RAW DATA =>
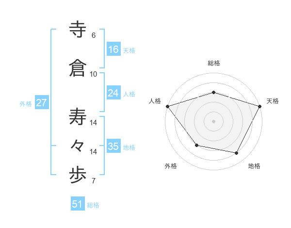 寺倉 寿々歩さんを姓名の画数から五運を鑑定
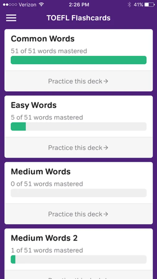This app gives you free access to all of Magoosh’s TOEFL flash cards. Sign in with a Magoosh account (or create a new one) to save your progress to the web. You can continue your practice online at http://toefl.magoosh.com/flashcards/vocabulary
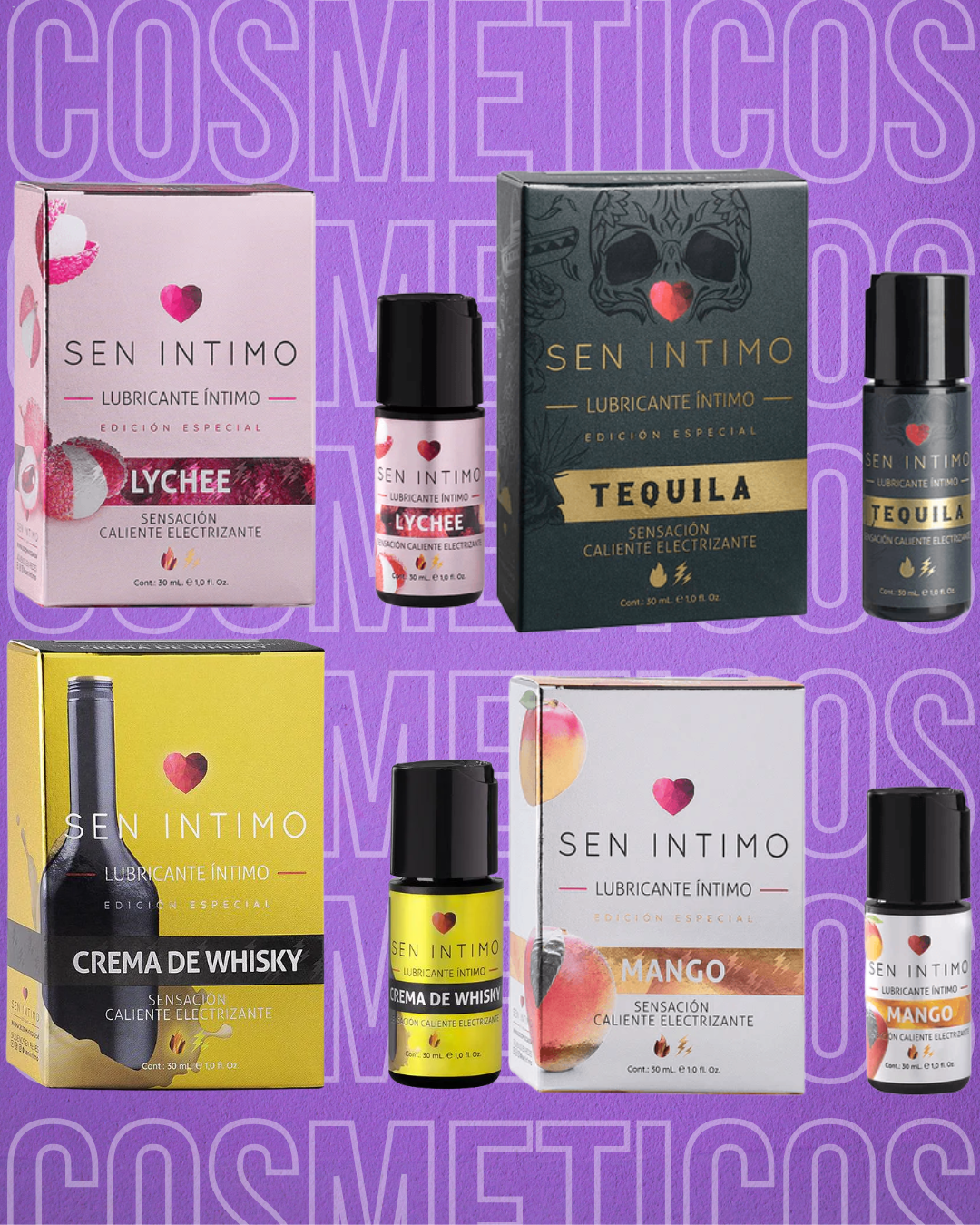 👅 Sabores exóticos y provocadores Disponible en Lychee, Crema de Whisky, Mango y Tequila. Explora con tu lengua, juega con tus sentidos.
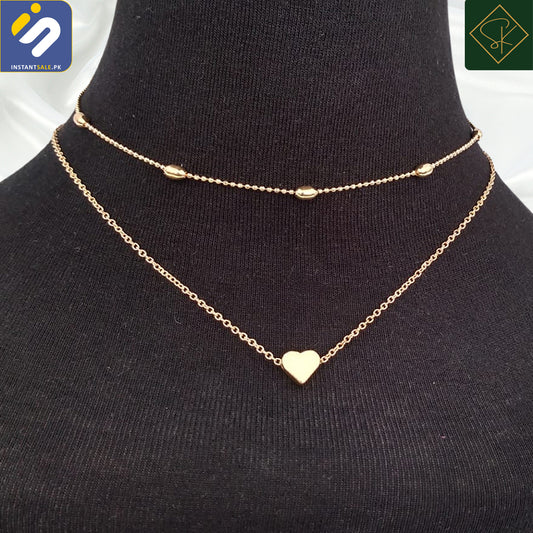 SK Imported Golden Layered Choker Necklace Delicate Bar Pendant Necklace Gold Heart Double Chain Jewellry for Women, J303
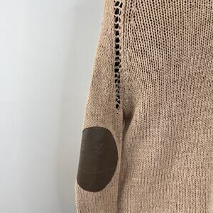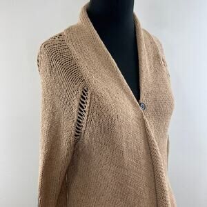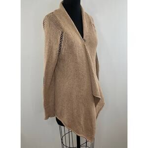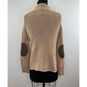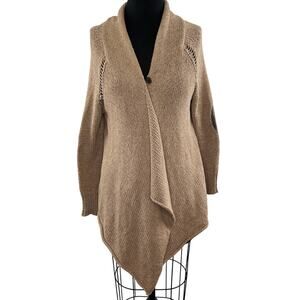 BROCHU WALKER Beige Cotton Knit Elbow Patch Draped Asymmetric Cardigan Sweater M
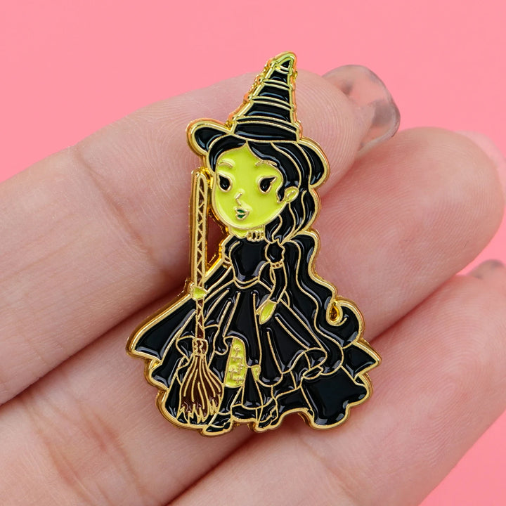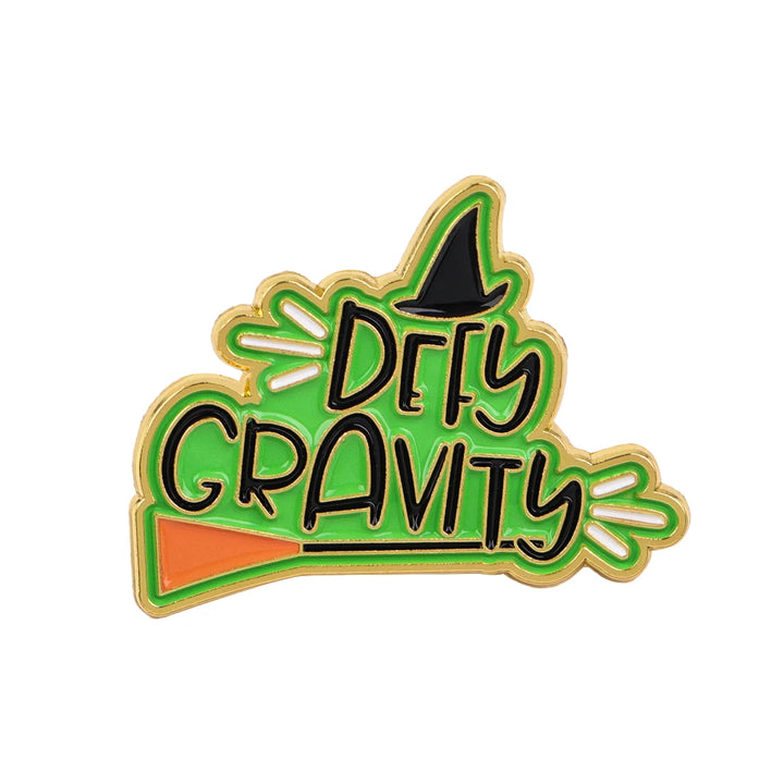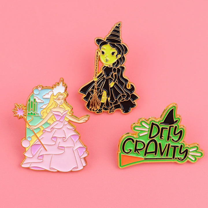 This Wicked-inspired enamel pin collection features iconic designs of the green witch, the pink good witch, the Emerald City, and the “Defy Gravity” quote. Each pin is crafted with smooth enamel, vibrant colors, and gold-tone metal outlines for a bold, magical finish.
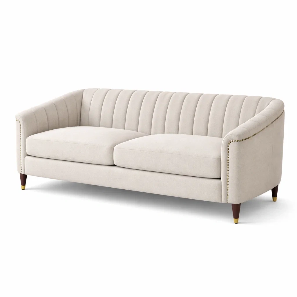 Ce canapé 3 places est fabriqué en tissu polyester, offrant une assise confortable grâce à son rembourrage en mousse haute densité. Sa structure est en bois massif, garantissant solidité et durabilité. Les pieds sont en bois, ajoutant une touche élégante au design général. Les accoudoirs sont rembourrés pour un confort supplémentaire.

---

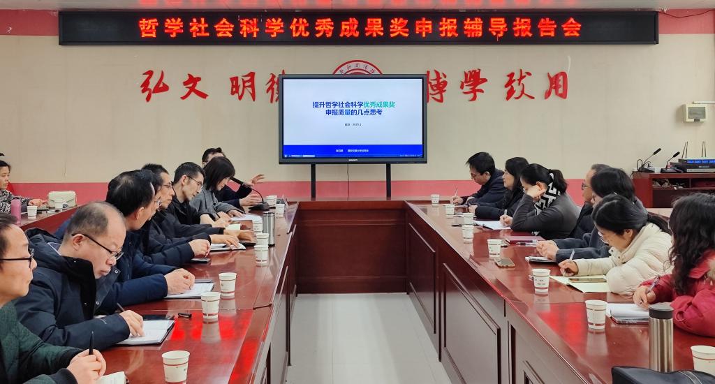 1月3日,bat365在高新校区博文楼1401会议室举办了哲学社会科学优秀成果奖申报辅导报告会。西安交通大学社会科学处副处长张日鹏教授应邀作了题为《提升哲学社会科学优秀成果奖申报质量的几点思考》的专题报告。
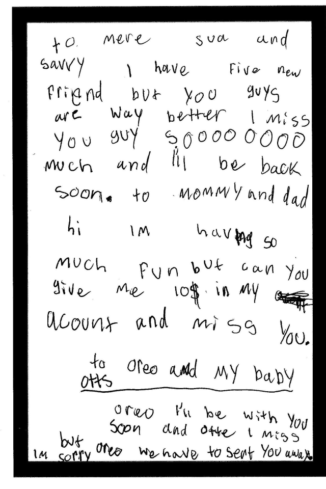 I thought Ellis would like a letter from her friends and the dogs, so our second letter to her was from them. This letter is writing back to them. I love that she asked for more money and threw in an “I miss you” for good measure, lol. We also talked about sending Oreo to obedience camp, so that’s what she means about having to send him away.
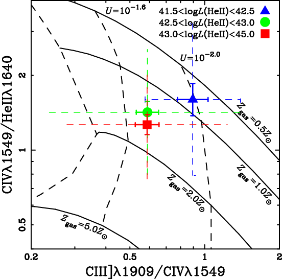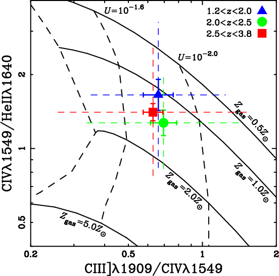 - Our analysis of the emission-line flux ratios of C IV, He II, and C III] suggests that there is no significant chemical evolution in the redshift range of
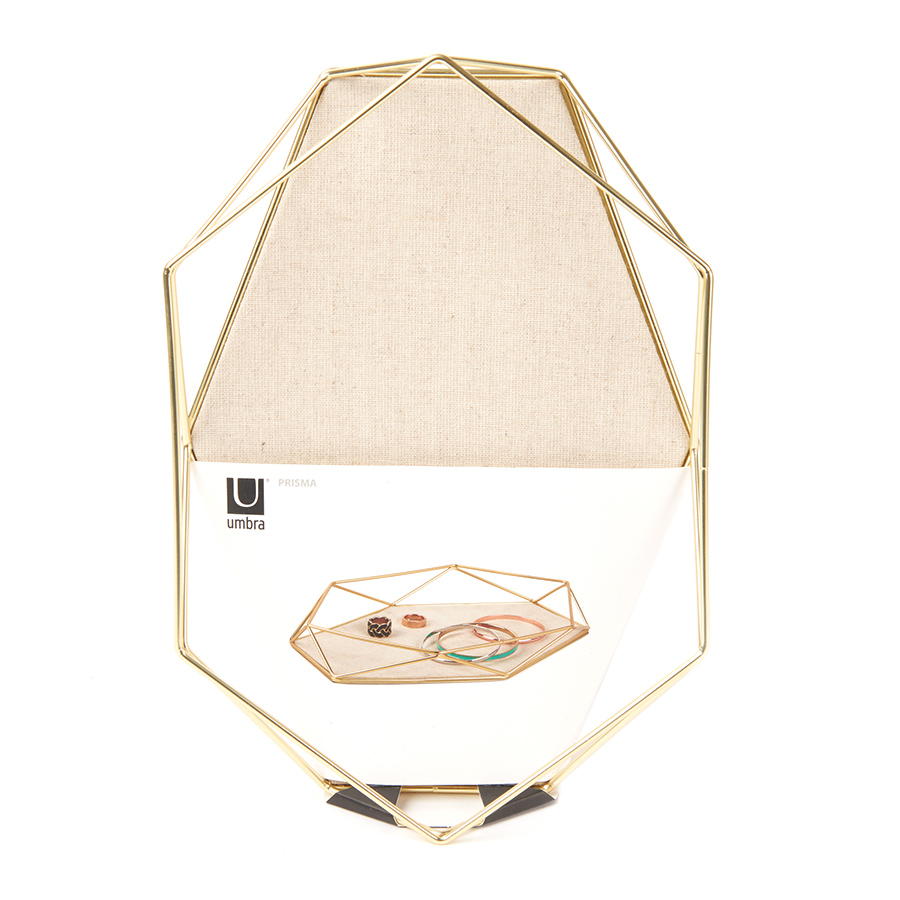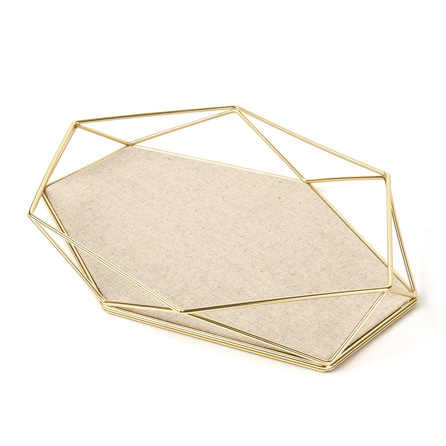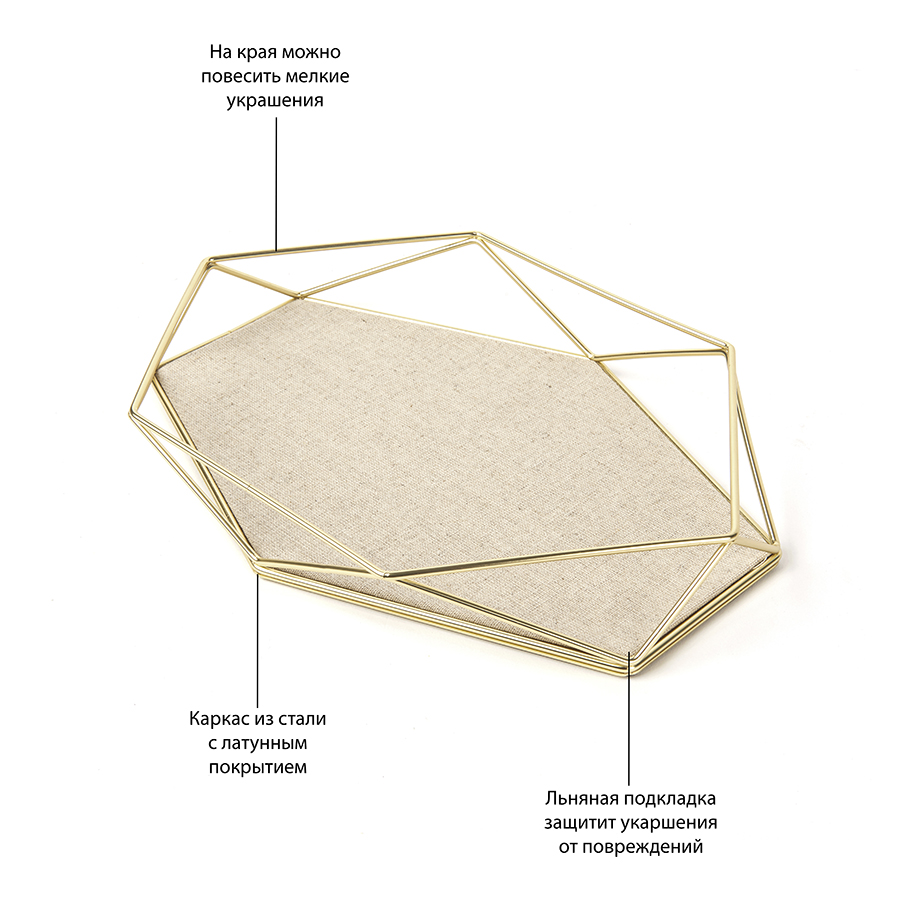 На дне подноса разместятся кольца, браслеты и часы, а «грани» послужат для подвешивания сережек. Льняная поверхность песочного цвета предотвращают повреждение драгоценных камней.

* * *

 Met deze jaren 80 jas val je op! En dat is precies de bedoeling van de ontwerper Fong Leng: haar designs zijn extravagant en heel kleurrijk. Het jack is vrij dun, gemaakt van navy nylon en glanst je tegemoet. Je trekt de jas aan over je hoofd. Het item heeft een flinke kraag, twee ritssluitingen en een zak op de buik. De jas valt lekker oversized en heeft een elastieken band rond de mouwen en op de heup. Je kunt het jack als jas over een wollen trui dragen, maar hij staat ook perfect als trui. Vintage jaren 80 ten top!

EXERCISE DIRECTIONS =>
Copy out the listing above from the line containing "- Our analysis" to the line containing "На дне подноса", both included, exactly as written and minus the images.

EXERCISE RESULT =>
 - Our analysis of the emission-line flux ratios of C IV, He II, and C III] suggests that there is no significant chemical evolution in the redshift range of
 На дне подноса разместятся кольца, браслеты и часы, а «грани» послужат для подвешивания сережек. Льняная поверхность песочного цвета предотвращают повреждение драгоценных камней.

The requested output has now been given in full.